PROBLEM DETAILS » Print exactly the lines of the listing below from the one containing "nature in summer" through the final line, both included, and no pictures.

RECORDS FOR PROCESSING »
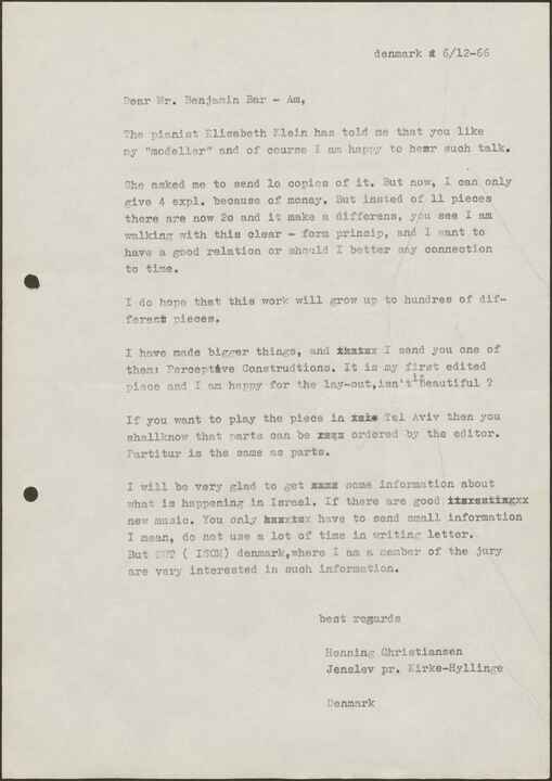 I will be very glad to get some information about what is happening in Israel. If there are good new music. You only have to send small Information I mean, do not use a lot of time in writing letter.
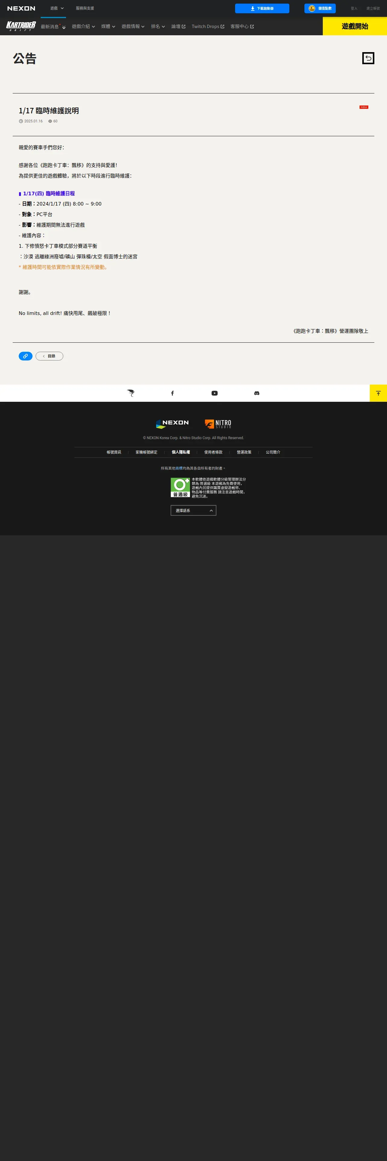 https://tw.nexon.com:443/kartdrift/zh/news/announcement/view?threadId=2716000
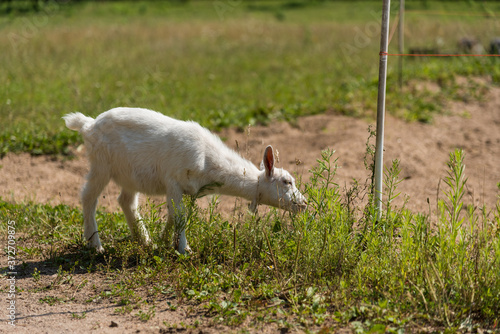 © nikolaskus, Fototapeta premium Little cute goat playing in nature in summer
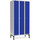 Helsvejst Sonesson garderobeskab i stål, 3 x 300 mm med lige tag og 1 rum i højden. Kabinet i lys grå RAL 7035 og blå dør RAL 5010 i pulverlakeret stål. Leveres med cylinderlås færdig monteret i dørene. Indretning med hattehylde og bøjlestang med 2 stk. dobbeltkroge. Vore skabe har naturlig ventilation med perforeret bund og luftespalter i frontlis
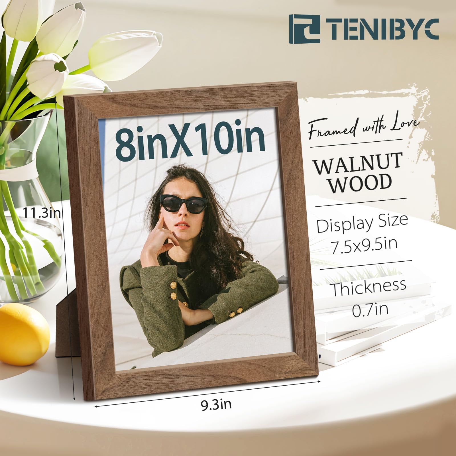 8x10 Walnut Picture Frame with HD Glass - 3pk, Natural Wood Brown Photo Frame...
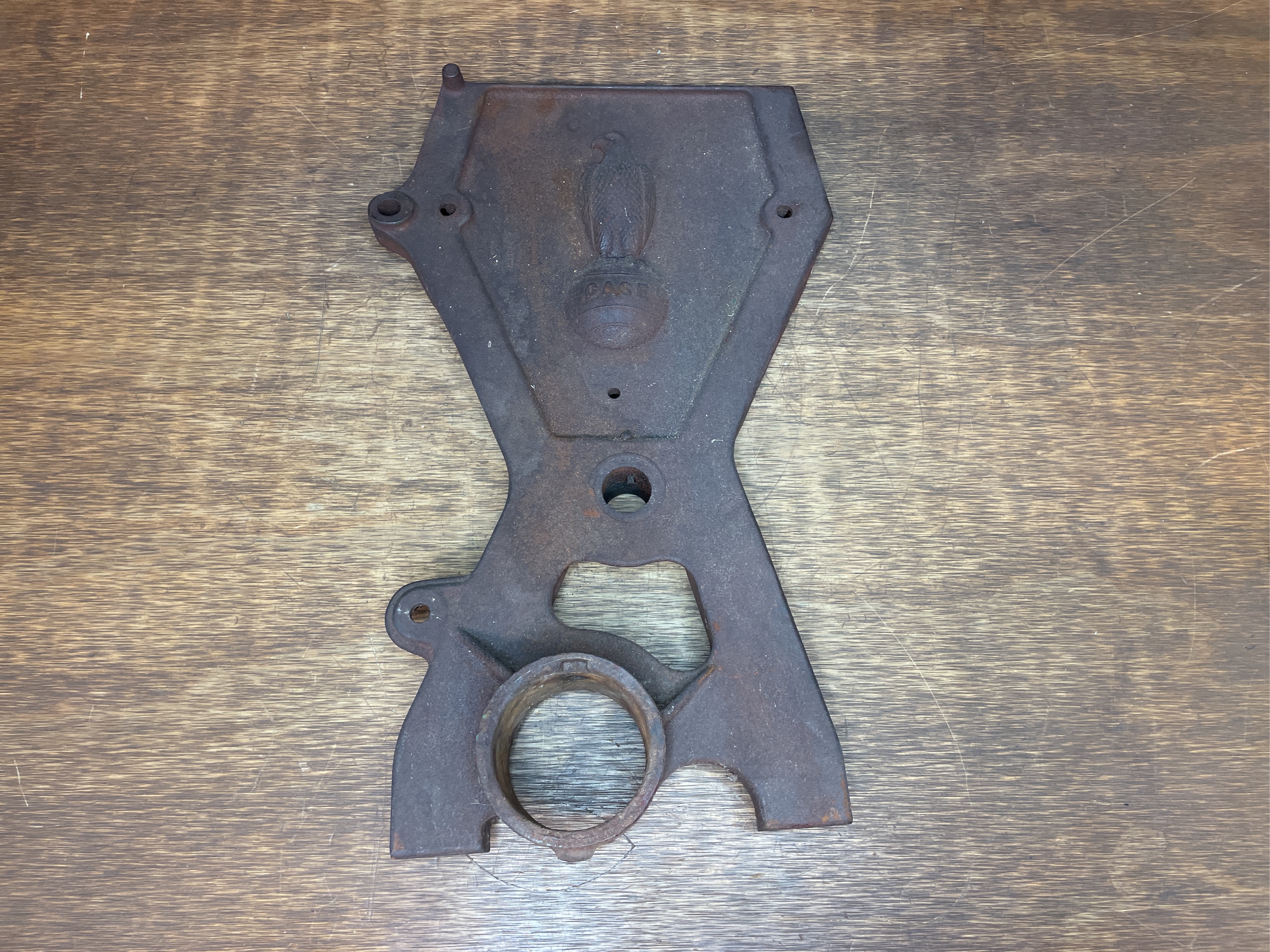 Case cast iron grain drill end. Large. P/N 243L. Rusty with some original paint. Great display piece.
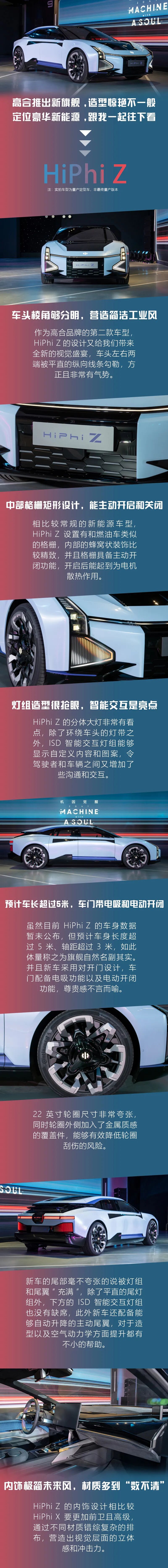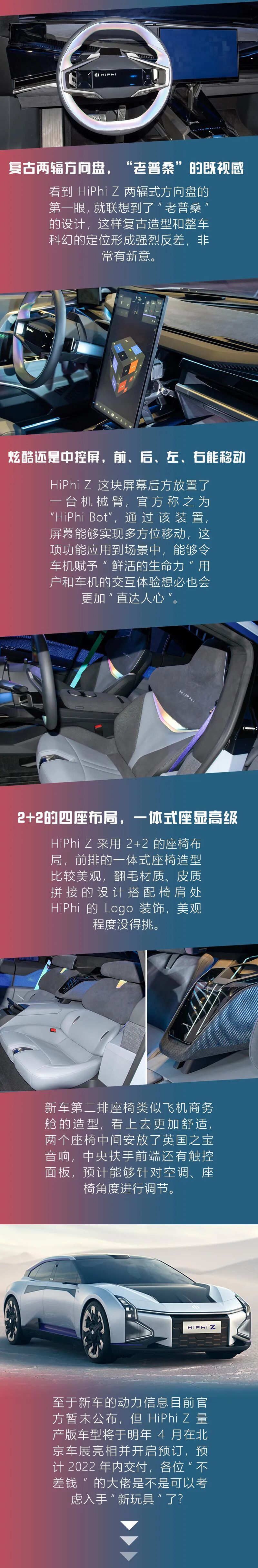 电动对开门、带机械臂的中控大屏,单单这两个亮点就已经足够“把玩”了,何况HiPhi Z的造型设计带有浓郁的未来科技风格,此外新车后排的双独立座椅更是看点十足,类似飞机商务舱的造型配合丰富的舒适、便利配置,在豪华氛围的营造上也是没得挑。虽然我们实拍车型并非最终量产版本,但官方表示量产版本车型将会有95%和实拍车型相同。HiPhi Z将会在明年4月开启预售,并且在2022年交付,所以你准备好迎接“未来科幻座驾”了吗?

TASK OUTPUT »
 © nikolaskus, Fototapeta premium Little cute goat playing in nature in summer
 Helsvejst Sonesson garderobeskab i stål, 3 x 300 mm med lige tag og 1 rum i højden. Kabinet i lys grå RAL 7035 og blå dør RAL 5010 i pulverlakeret stål. Leveres med cylinderlås færdig monteret i dørene. Indretning med hattehylde og bøjlestang med 2 stk. dobbeltkroge. Vore skabe har naturlig ventilation med perforeret bund og luftespalter i frontlis
 8x10 Walnut Picture Frame with HD Glass - 3pk, Natural Wood Brown Photo Frame...
 Case cast iron grain drill end. Large. P/N 243L. Rusty with some original paint. Great display piece.
 电动对开门、带机械臂的中控大屏,单单这两个亮点就已经足够“把玩”了,何况HiPhi Z的造型设计带有浓郁的未来科技风格,此外新车后排的双独立座椅更是看点十足,类似飞机商务舱的造型配合丰富的舒适、便利配置,在豪华氛围的营造上也是没得挑。虽然我们实拍车型并非最终量产版本,但官方表示量产版本车型将会有95%和实拍车型相同。HiPhi Z将会在明年4月开启预售,并且在2022年交付,所以你准备好迎接“未来科幻座驾”了吗?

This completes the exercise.